Manchester tried to attack for the rest of the half but they were generally going backwards. From the restart, Attis cleared deep to the Manchester 22, a penalty would follow creating a catch and drive on 10 metres; the bonus-point try for Phil Laing was text book play, 24 – 0. At this stage it looked like one-way traffic, even though Manchester had had the lion’s share of the ball, they could get no penetration against Macclesfield’s defence. However, it was all about to change; words from Marshall Gadd at half time must have sunk in. The visitors attacked sharply after the restart, followed by a penalty taking them to 10 metres, they attacked again quickly to the left and when stopped Macclesfield were penalised for reasons unknown; number 9 Josh Jones, tapped quickly and was over for their first score, 24 – 7 with 35 minutes left to play.

The Macclesfield blue line of defence nullified the Manchester attack

Although Macclesfield were back on the attack, decisions were still going against them. Manchester cleared deep, but it was run back by John O’Donnell, beating four players. The attack was switched from side to side but this time Manchester defended well and the ball was put down under pressure. Macc got another opportunity with a lineout 10 metres out, they drove for the line, but when the maul went to ground, three Manchester forwards flopped onto the ball-carrier, the referee called a defensive scrum and one of the Macc lads complained, it instantly became a penalty. There were lots of grumblings in the Stand, but the referee was quite correct with his decision on this occasion.

It was to get worse for Macclesfield, Manchester were now playing with more width, and when the ball reached the right wing Fraser Green chipped ahead, Phil Laing won the race and the Macclesfield cover were there in numbers to secure the ball, but referee Andy Shaw saw something that he didn’t like, and Macclesfield were penalised yet again. The ball was played quickly and spun out to the left where number 15, Robson Jones, had an unchallenged run to the line, it was well converted by Joe Davidson to make it 24 – 14 with 18 minutes left to play.

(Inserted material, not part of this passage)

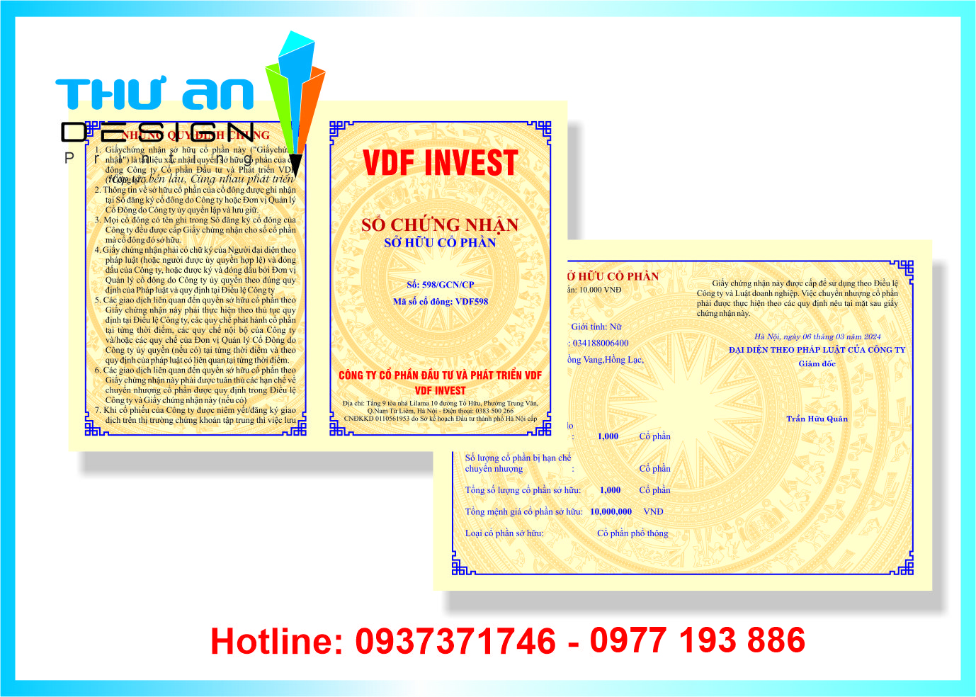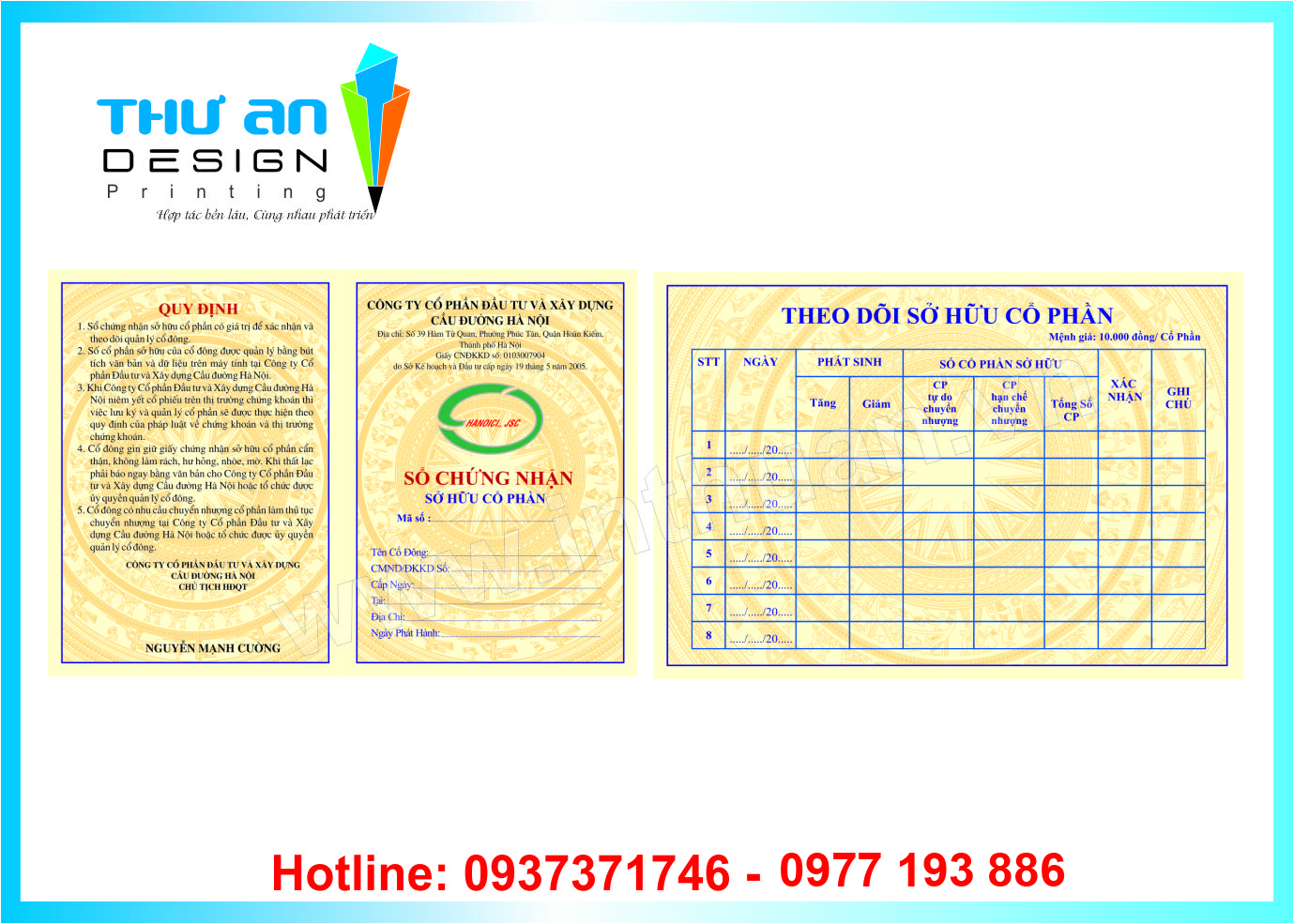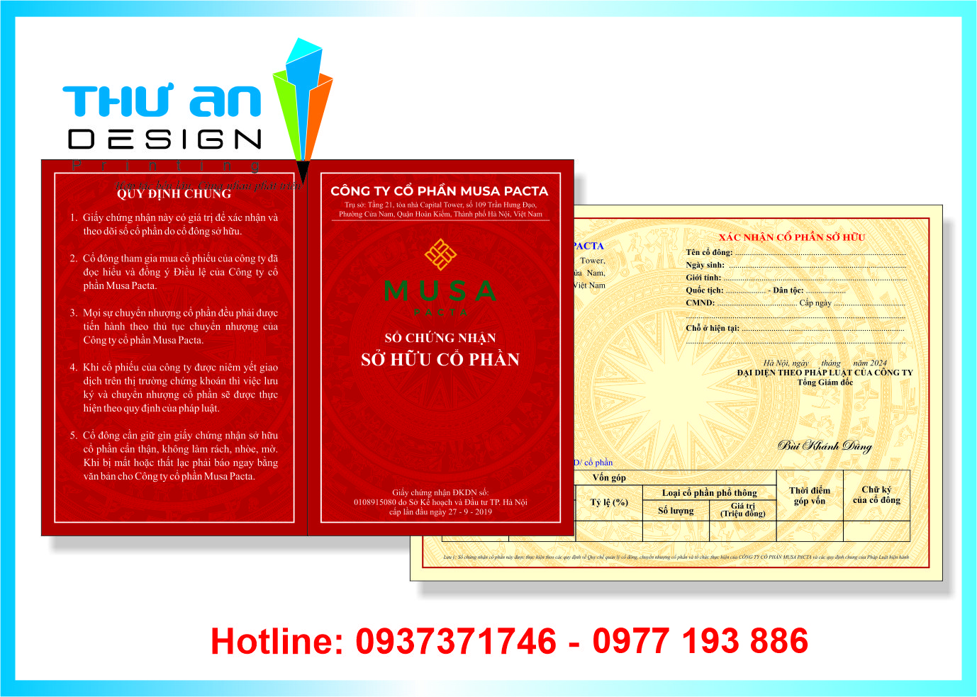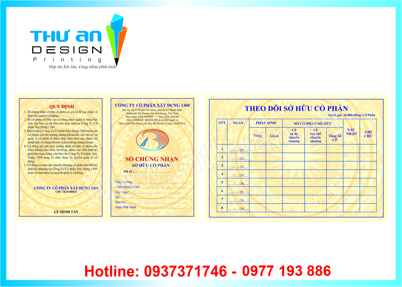 Có phải bạn đang muốn tìm địa chỉ In Sổ Cổ Đông ? Công ty in Thư An chính là sự lựa chọn phù hợp khi muốn làm Sổ Cổ Đông, giấy Chứng Nhận Sở Hữu Cổ Phần theo yêu cầu riêng, in số lượng ít hoặc có quy cách khác biệt. Đặc biệt, bạn có thể đặt làm Sổ Cổ Phần Online, không cần phải đến đặt hàng tận nơi.

A perfectly executed move puts Harry Oliver through to score the last try

Manchester then had a good period of attacking play that challenged Macclesfield’s defence, but they held firm and after 10 phases the visitors spilled the ball under pressure. Macc were back on the attack, and this time the visitors were penalised for handling in the ruck, Attis fired the ball into the left corner to set up the play. A catch-and-drive, followed by a quick ruck, and the ball was released for a well rehearsed training ground move; Attis ran flat making a dummy scissor move with Blackwell before delicately floating the ball into Harry Oliver’s hands on the crash-ball – it was sublime, 31 – 14 with 6 minutes on the score board.

Manchester were determined to get another score, and for once found a gap in the Macclesfield defence, a clever grubber-kick put the ball behind Macc, and Josh Jones only had to gather and he was over, but he fumbled and the chance was gone. The visitors attacked again from Macclesfield’s clearance, and it was another grubber kick, this time it went into the dead-ball area and as a Macc player tried to ground it, the ball bounced up for Robson Jones to get his second, with just inches to spare. Joe Davidson again converted from the touchline to make it 31 – 21; there was one attack left for Manchester but it came to nothing.

At times there seemed to be a gulf between the two sides, even though Manchester appeared to have the majority of the possession. Macclesfield were certainly able to pull the trigger when they got close, but Manchester’s determination and change of tactics made it a real contest. The big disappointment was the penalty count, c.20+, which was very high, and against other teams would have been punished. These were Head Coach, Darren Lamond’s views after the dust had settled: “Well we got the 5 points, which was good, but we were forced to make a few changes early on in the game through injuries, which was disruptive, Tom Burden with dislocated fingers and Rees Davies with a hamstring strain. The penalty count kept Manchester in the hunt; they had a lot of possession to play with, and made the most of it in the second half. That said when we were in possession we used it well and were clinical with our finishing”.